What you will do:
Below, find the line containing "Barron Falls (Local" and the line containing "Sunseeker Predator motoryacht"; reproduce exactly those two and every line between them, omitting pictures.

= Beginning of Section =

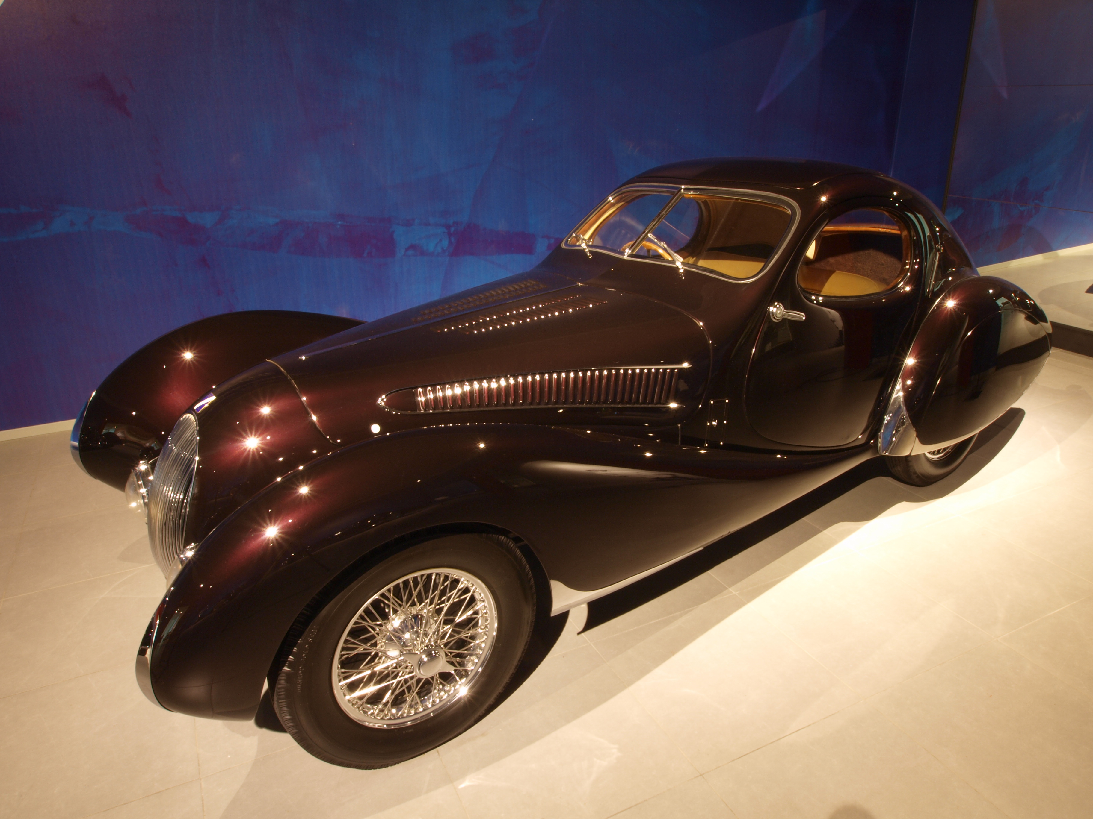 Photographed at the Louwman museum / Louwman Collection, The Netherlands.
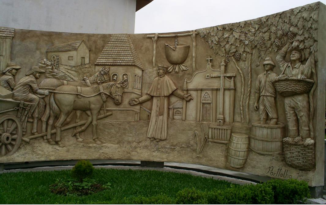 Historic Monument celebrating Italian Emigration
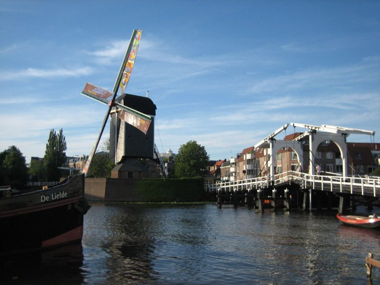 Imagen del Molen De Put, uno de los molinos de la ciudad de Leiden (Países Bajos), tomada desde el Rembrandtpark. Foto tomada por Enrique Boira Freire (usuario Enboifre), el 29 de julio del 2006. Image of the Molen De Put, one of the wind mills from the city of Leiden (The Netherlands), taken from the Rembrandtpark. Picture taken by Enrique Boira Freire (user Enboifre), on the 29th July 2006.
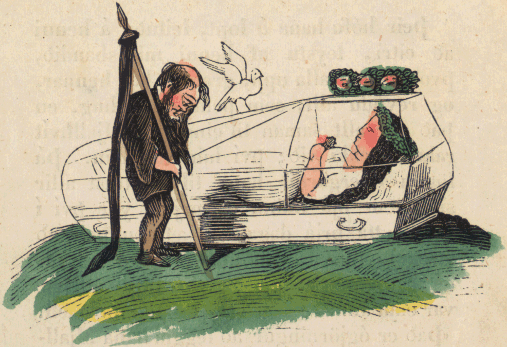 An illustration from page 26 of Snow White (Mjallhvít) from an 1852 Icelandic translation of the Grimm-version fairytale.
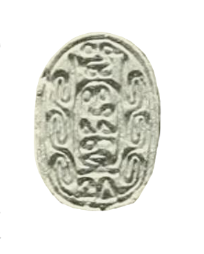 Glazed steatite scarab (type D2) bearing the cartouche of the hyksos ruler Yaqub-Har: - Jjkb Hr Unknown provenience, Second intermediate period. London, British Museum EA 40741.
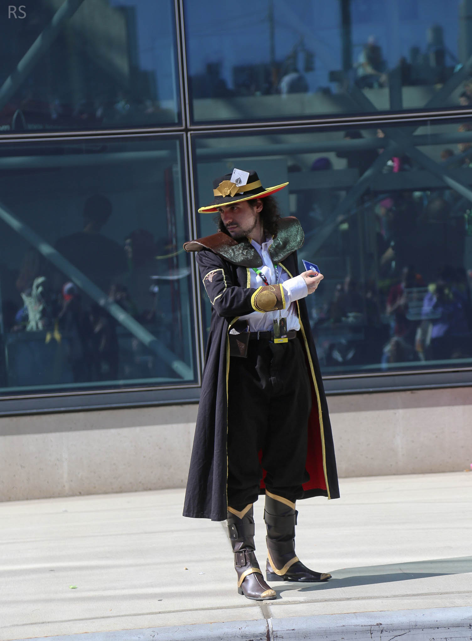 New York Comic Con 2015 - Twisted Fate Cosplay at the 2015 New York Comic Con (NYCC 2015).
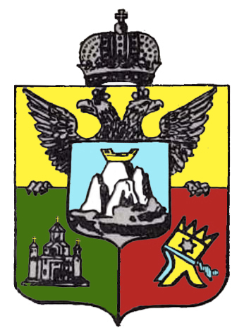 Coat of arms of Armyanskaya Oblast
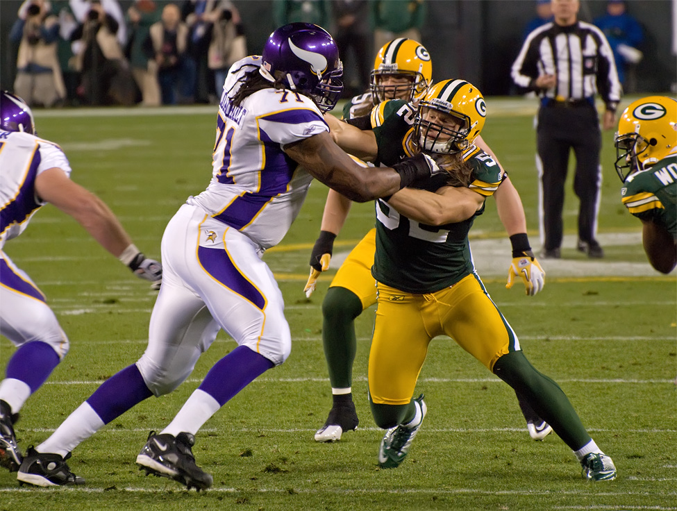 Minnesota Vikings vs. Green Bay Packers at Lambeau Field on Monday Night, November 14, 2011. Photo by Mike Morbeck.
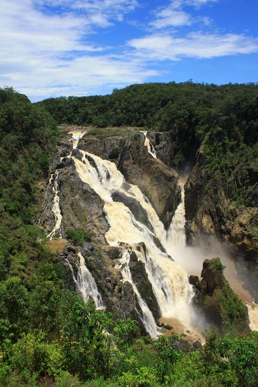 Barron Falls (Local Aboriginal Name = Din Din) fresh after wet season rains in Tropical North Queensland, Australia.
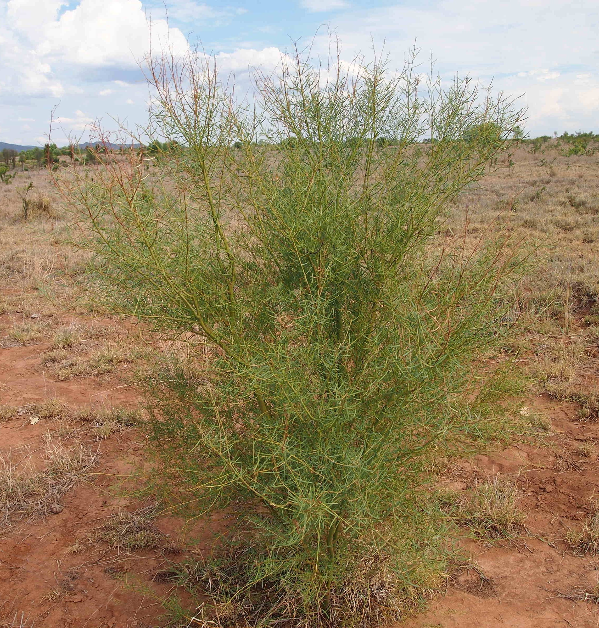 Acacia victoriae
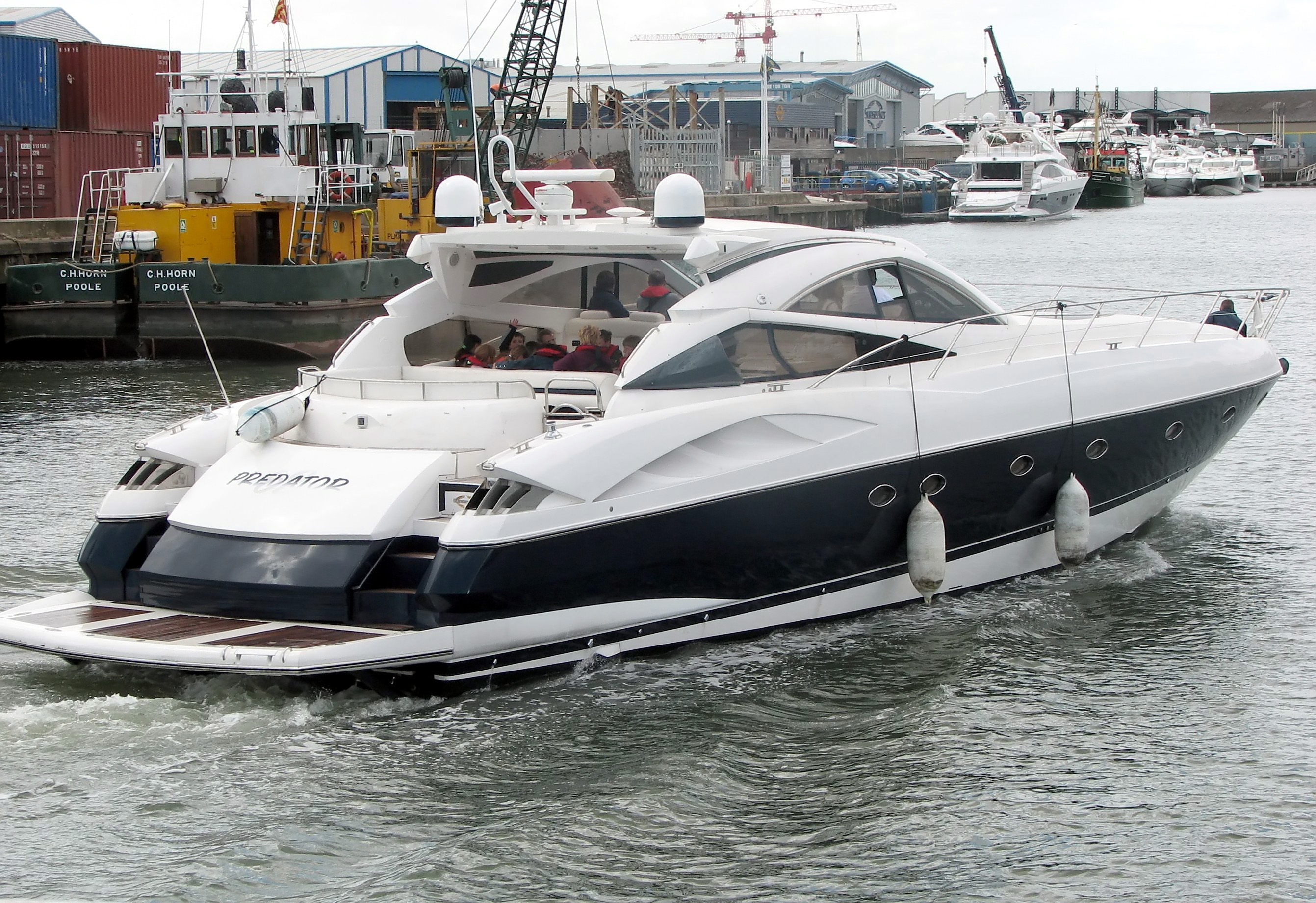 Sunseeker Predator motoryacht in Poole Harbour, Poole, Dorset, England. The factory can be seen in the background, above the row of cars. Photographed by Adrian Pingstone in June 2006 and placed in the public domain.
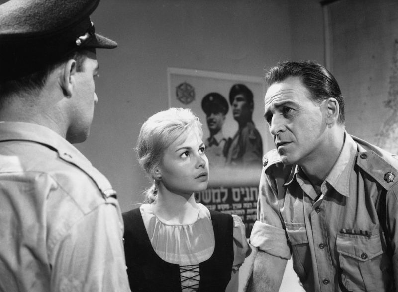 Photo taken during filming of "Blazing Sand". Natan Cogan to the right, Gila Almagor in the middle
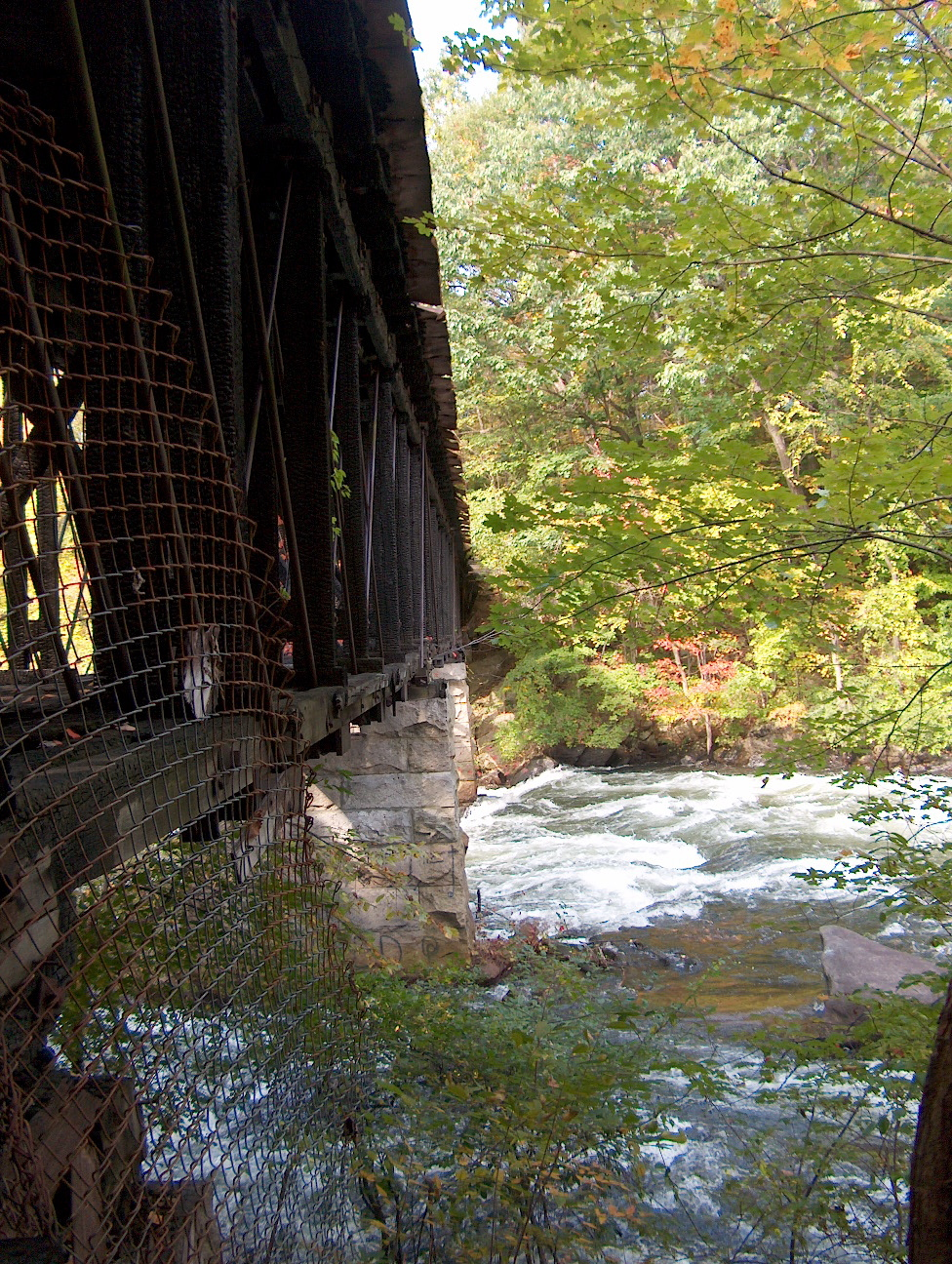 Sulphite Bridge over Winnipesaukee River in Franklin, USA.
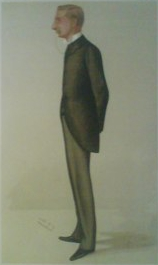 Caricature of Mr H Rider Haggard. Caption read "She"
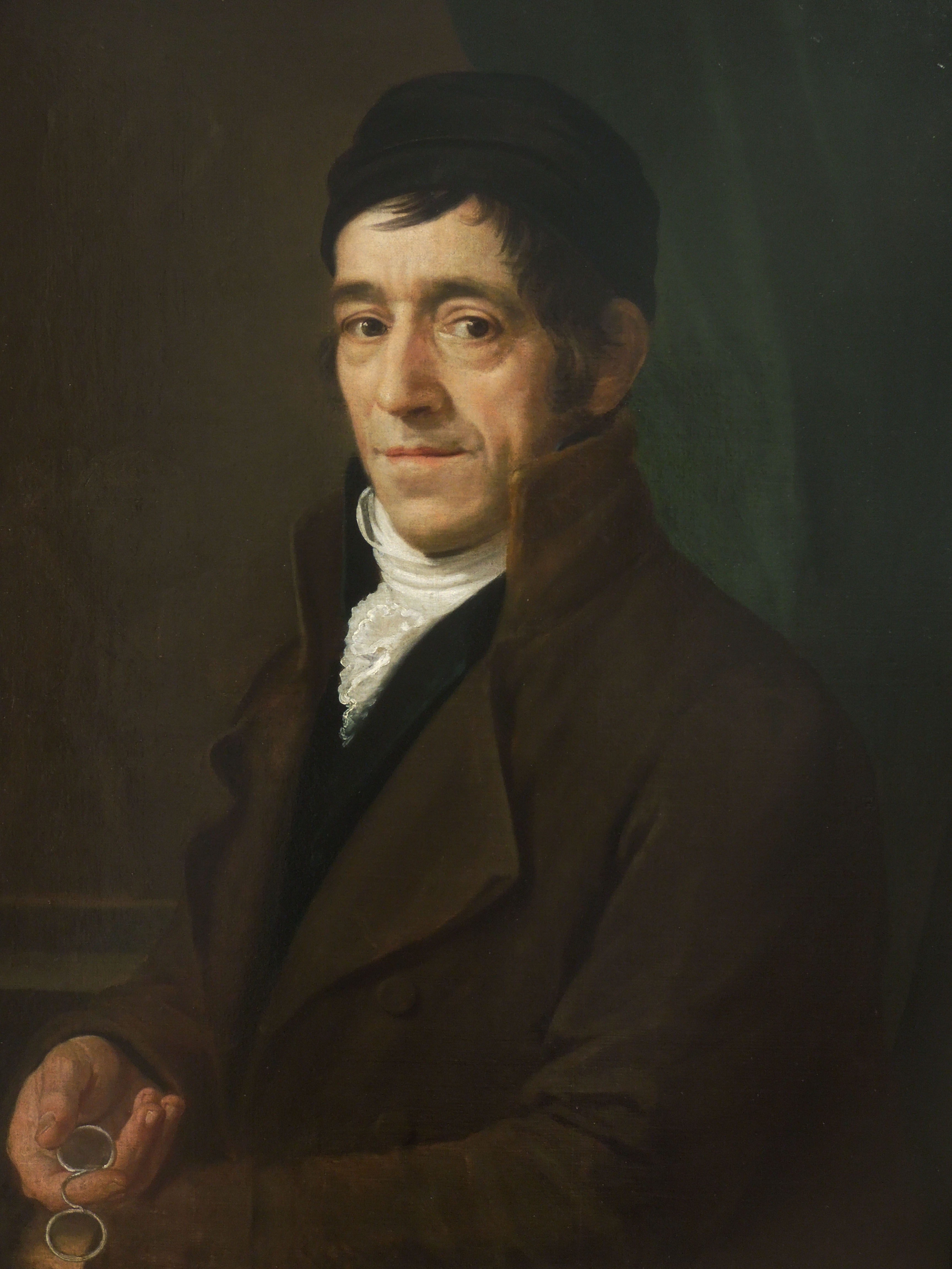 Portrait of Josef Bergler
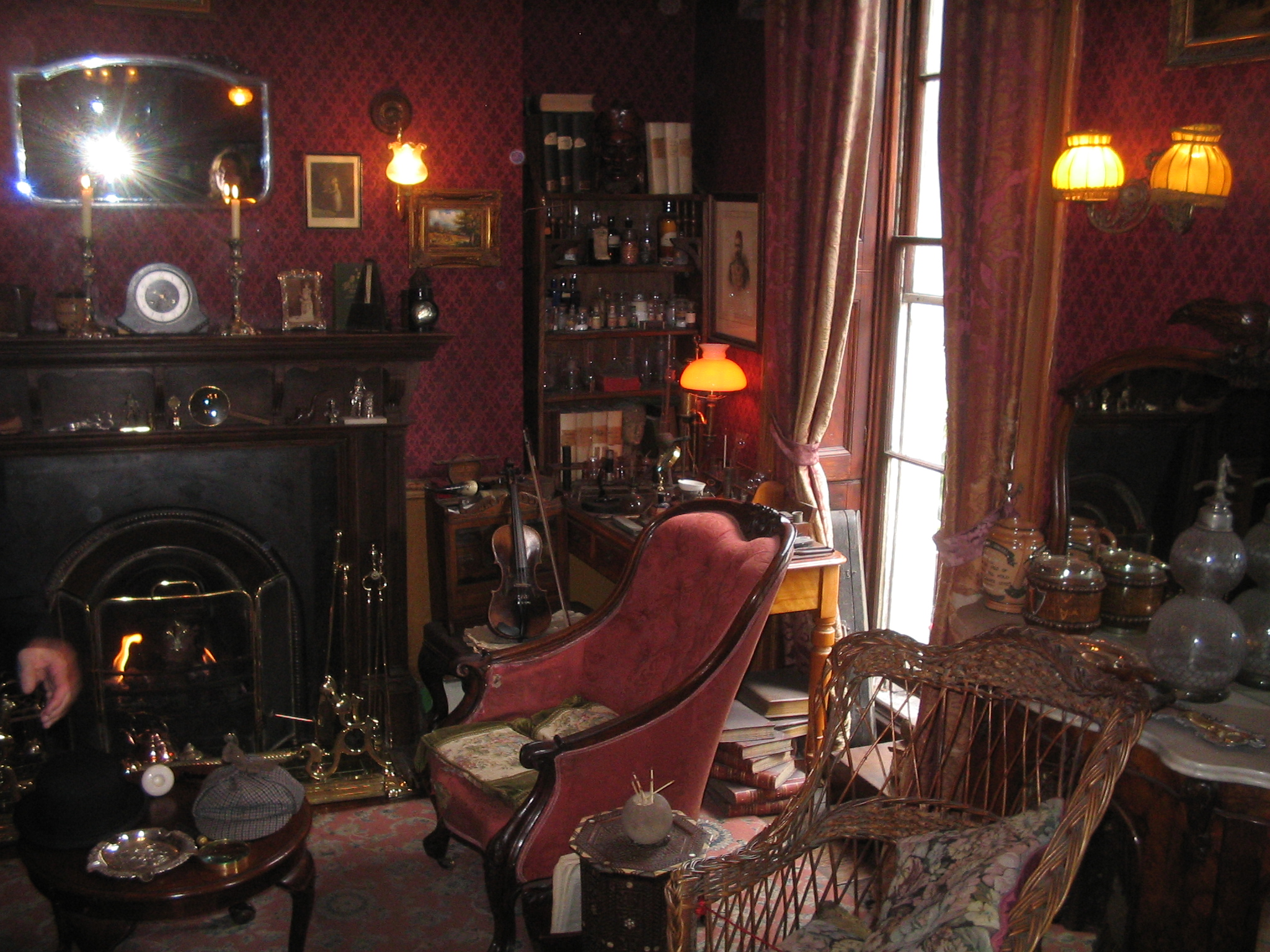 Sherlock Holmes study view (Trafalgar Sq., Holmes Museum, Hyde Park)

= End of Section =

Result:
 Barron Falls (Local Aboriginal Name = Din Din) fresh after wet season rains in Tropical North Queensland, Australia.
 Acacia victoriae
 Sunseeker Predator motoryacht in Poole Harbour, Poole, Dorset, England. The factory can be seen in the background, above the row of cars. Photographed by Adrian Pingstone in June 2006 and placed in the public domain.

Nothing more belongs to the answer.